February 6, 2017

SUMMARY

Anesthesiologists are exploring new opportunities to demonstrate value to their hospitals, both inside and outside of the operating room.  Leadership of the intensive care unit provides an option that some practices might want to consider.  Critical care medicine is, in many ways, a logical extension of anesthesia practice and can also provide valuable experience for groups interested in making a transition to the perioperative surgical home.

 

As healthcare’s transition to value-based care via MACRA and the Quality Payment Program continues unabated, so do efforts by anesthesia practices to solidify their relationships with their hospitals and find new ways to demonstrate value.

In recent decades, anesthesiology has steadily expanded from the operating room to postanesthesia care units, intensive care units and pain medicine, including the development of clinics to meet the needs of the vast population of Americans living with chronic pain disorders.  The specialty has grown to encompass perioperative medical practice in acute pain medicine, and sleep and palliative care medicine as well.

And yet anesthesiologists still face tough competitive challenges. Anesthesia groups should seek new ways to partner with their hospitals to develop programs and services, consultant Jerry Ippolito, MBA, MHSA, advised in a recent issue of our quarterly newsletter, Communiqué

Although anesthesia groups have been mining opportunities to broaden their role outside the surgical and obstetrics suites for many years, the need to do so has arguably intensified in the current era of heightened regulation and competitive pressure on hospitals to perform.  As financial and regulatory demands increase, hospitals expect more from their services, and anesthesia departments are no exception.  As a result, according to Ippolito, “Anesthesiology groups must strategically refocus and realign their relationships with partner hospitals.  Anesthesiology groups must go into the hospital board room bringing value and presenting opportunities to assist hospitals.”

The Intensivist

One of these opportunities might be found in the intensive care unit (ICU).  Considering the ongoing shortage of critical care physicians and the rapid aging of the population, serving as an intensivist—a physician with special training and experience in treating critically ill patients who completes a fellowship in critical care medicine after finishing a residency in internal medicine, pulmonary medicine, anesthesia or surgery—could give your group a way to help your institution fill an important unmet need.  Intensivists have been shown to help improve patient outcomes, including survival rates, reduce complications and shorten ICU lengths of stay.

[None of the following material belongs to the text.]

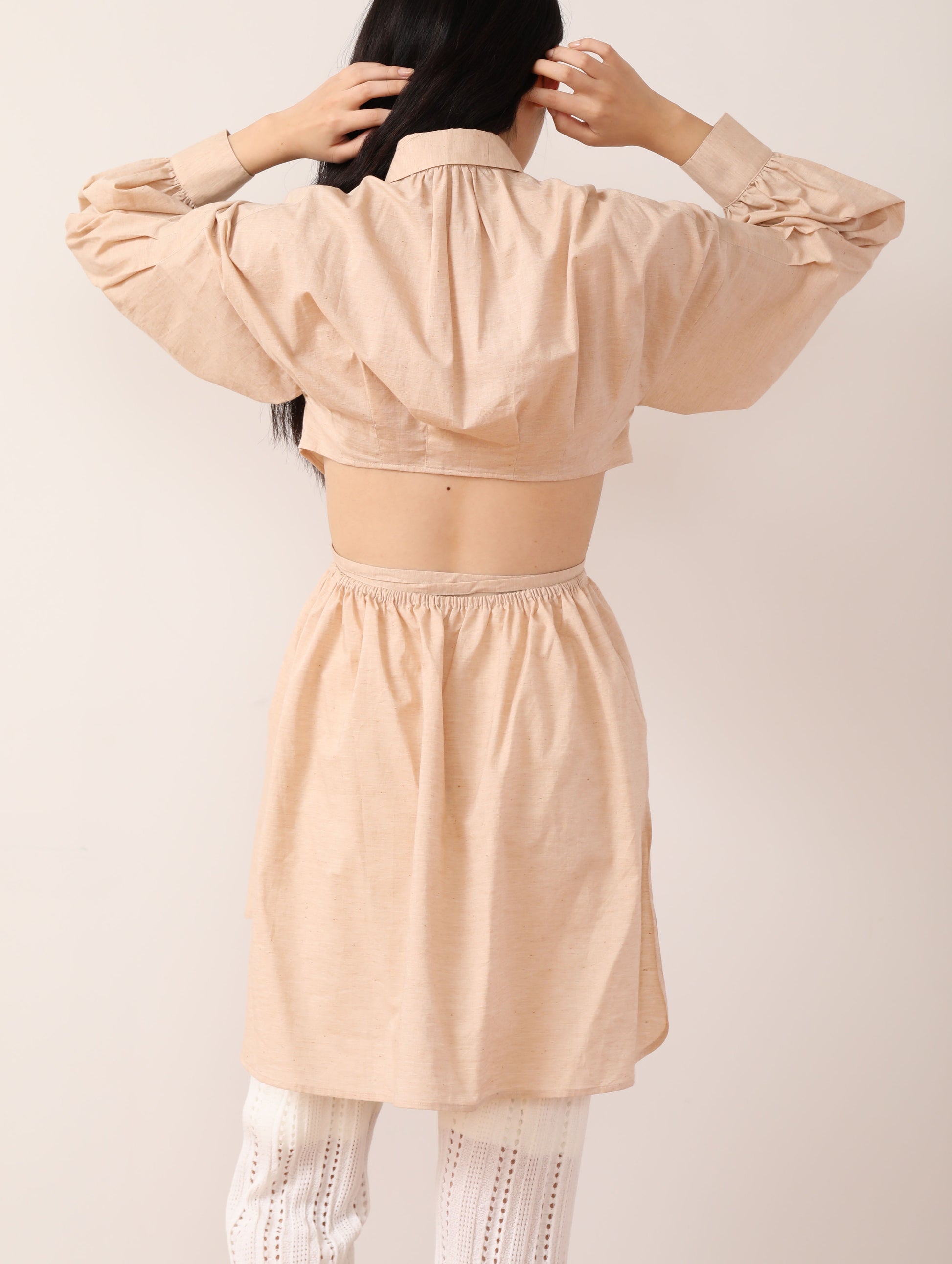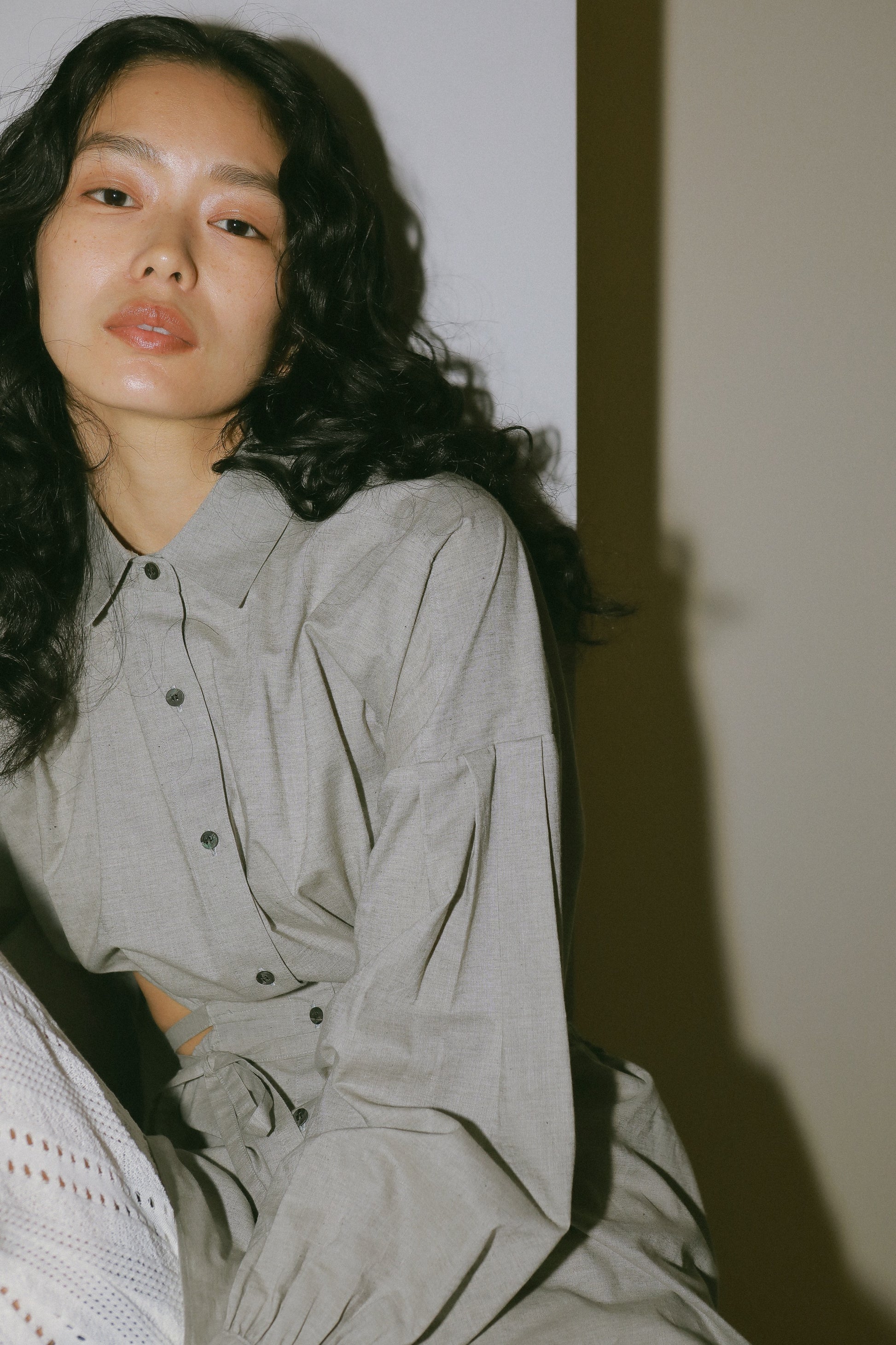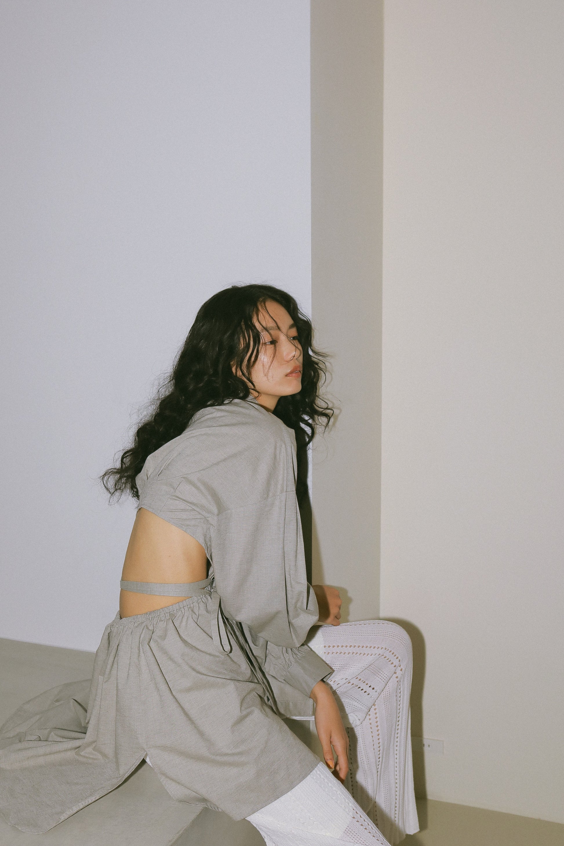 バックの腰まわりが空いてるのがポイントのシャツ。

“Administration often looks to the anesthesiologists, since ICU physicians are a rare commodity and administrators know anesthesiologists have the requisite clinical training,” notes Dan Reale, president of Plexus Management Group, which has anesthesia practice clients that have led ICUs.  Citing Leapfrog research, a 2006 article in Managed Care reported that “hospitals in which intensivists manage or co-manage all ICU patients have 40 percent less ICU mortality—and 30 percent less hospital mortality overall—than hospitals in which intensivists manage some or none of the patients.”

One ABC client, the anesthesia group at a large suburban medical center, has four intensive care-trained anesthesiologists who cover the ICU five days a week.  The service originated in the hospital’s desire to provide a continuum of care for patients undergoing major surgery.  The assumption was that anesthesiologists who were familiar with the care provided in the OR would be better qualified to manage and reduce complications in the ICU.  The anesthesia team attributes the hospital’s consistently low complication rates and high levels of patient satisfaction to this continuum.

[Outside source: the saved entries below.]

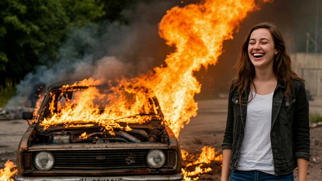 Светлана стояла рядом с машиной, чуть в стороне от огня. Она не кричала, не звала на помощь, не бежала за водой или одеялом. Она… танцевала.
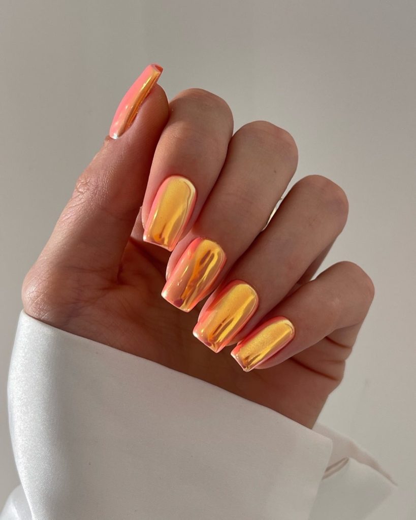 For those who love a pop of color, these nails are a vibrant statement. With a juicy glitter red and orange, they bring to mind the fresh, zesty flavors of spring’s favorite fruits, perfect for complementing a bold and bright outfit.
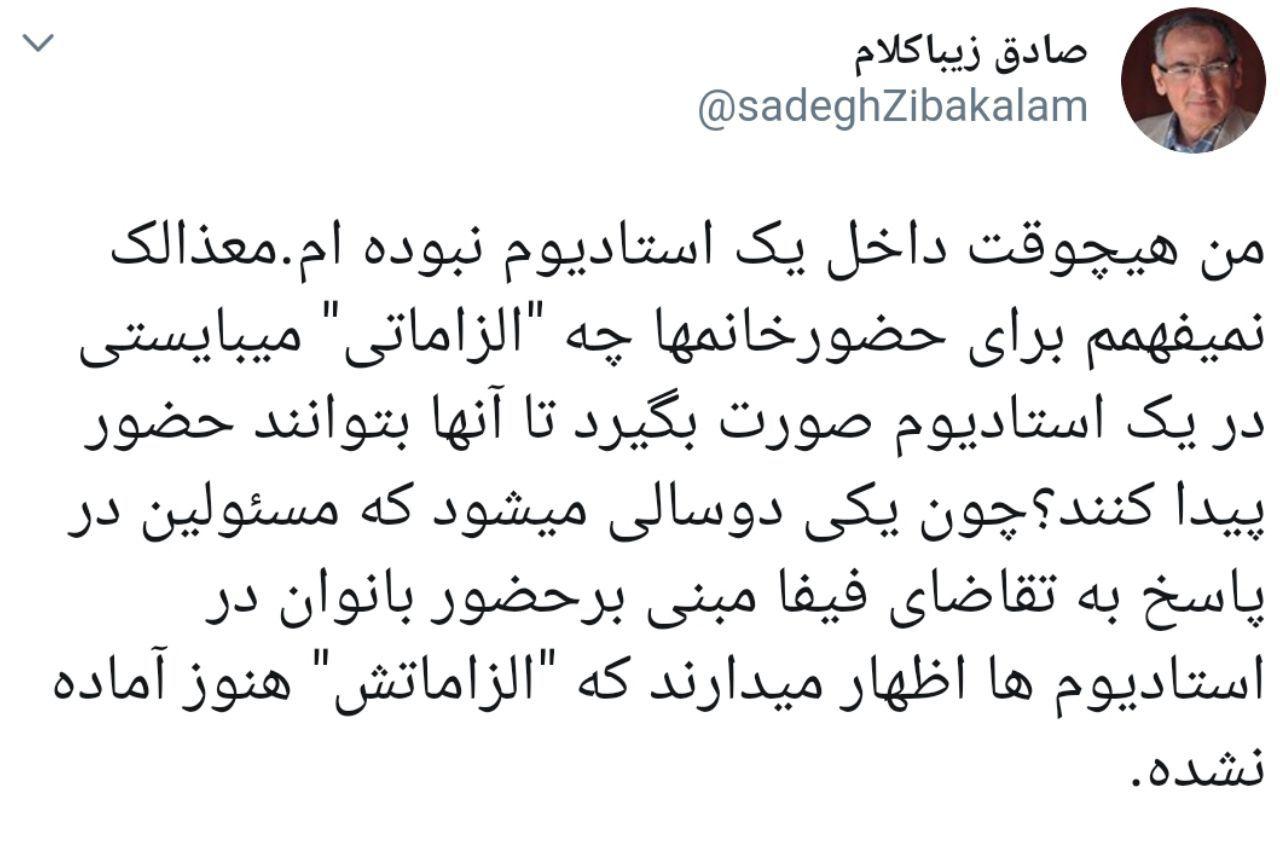 خاک بر سر مردان ایران.اگرمردان.چند مسابقه را تحریم میکردند کاربه فیفا نمیکشید.ماتابع زور هستیم
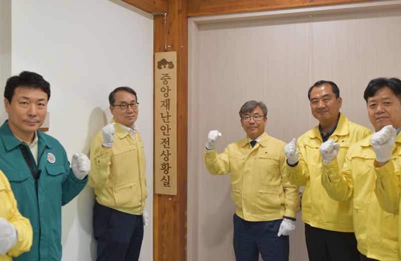 남태헌 한국산림복지진흥원장(오른쪽 세 번째)과 경영진이 16일 중앙안전상황실 현판식을 갖고 재난안전사고에 대한 총력 대응을 다짐하고 있다. 한국산림복지진흥원 제공

A 2016 Leapfrog factsheet on ICU staffing reports that mortality rates in patients admitted to the ICU average 10-20 percent and that more than 200,000 patients die in ICUs in the United States annually.  “A growing body of scientific evidence suggests that quality of care in hospital ICUs is strongly influenced by (i) whether intensivists are providing care; and (ii) how the staff is organized in the ICU.  Intensivists are familiar with the complications that can occur in the ICU and, thus, are better equipped to minimize errors,” the factsheet states.

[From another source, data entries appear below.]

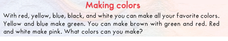 With red, yellow, blue, black, and white you can make all your favorite colors. Yellow and blue make green. You can make brown with green and red. Red and white make pink. What colors can you make?
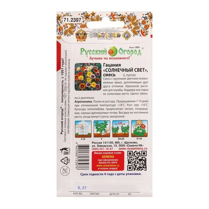 Семена Цветы Гацания Солнечный свет смесь 0,2 г
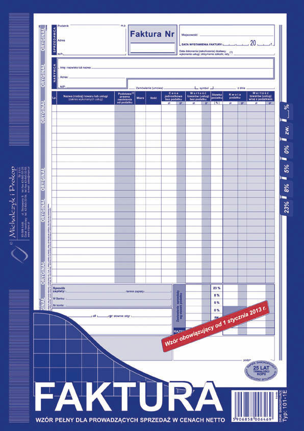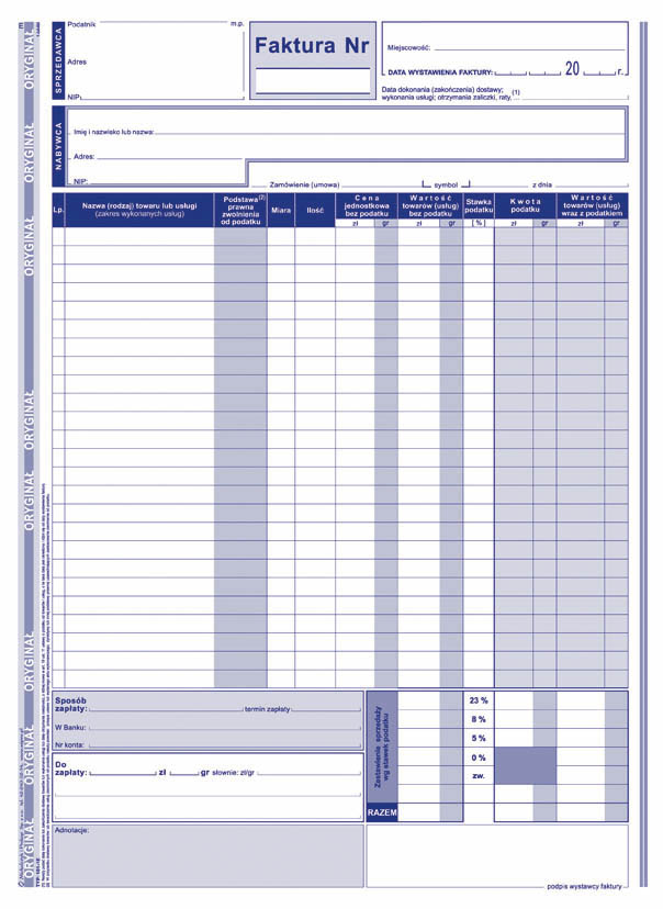 Faktura A4 oryginał-kopia. Papier samokopiujący bloczek 80 kartek.
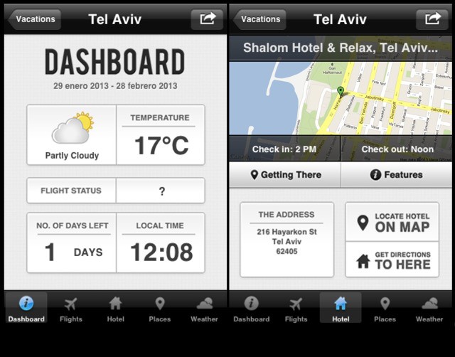 Once that’s out of the way, you have a handy one-stop-shop for all your info. You can see – at a glance – the planned and actual flight times, the address of your hotel, maps, weather and more – even the services the hotel offers.
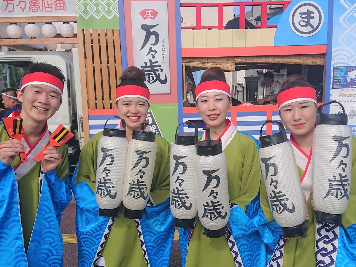 隊列を整えた万々商店街振興組合のよさこいチーム「万々商店街 万々歳(ばんばんざい)」の踊り子さん60名が、地方車からの掛け声とともに踊り始める。
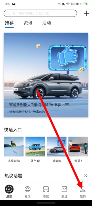 打开睿蓝汽车,点击底部的我的,进入我的页面。
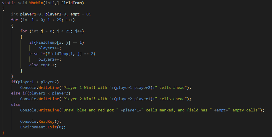 Выводим инфу о победе того или иного противника)

According to the Society of Critical Care Medicine (SCCM) cost savings of up to $1 billion per year of quality life gained can be attained with critical care management of severe sepsis, acute respiratory failure and general critical care interventions.  “Twenty-four–hour intensivist staffing reduces ICU costs and lengths of stay.  Up to $13 million in annual hospital cost savings can be realized when care is delivered by an intensivist-directed multiprofessional team,” SCCM states.  The organization gives an example of a community hospital that achieved 105 percent return on investment by implementing mandatory intensivist consultation and admission standards, thereby reducing ICU lengths of stay, ventilator-associated events and central venous access device infection rates.

A Natural Connection

Intensivists are good medicine and anesthesiologists have the training to be good intensivists.  Critical care medicine is a logical extension of anesthesia practice, and, in fact, anesthesiologists helped create the discipline.  Anesthesiologists direct the critical care units at a number of institutions, including the University of California-Los Angeles Medical Center and Johns Hopkins Medicine. 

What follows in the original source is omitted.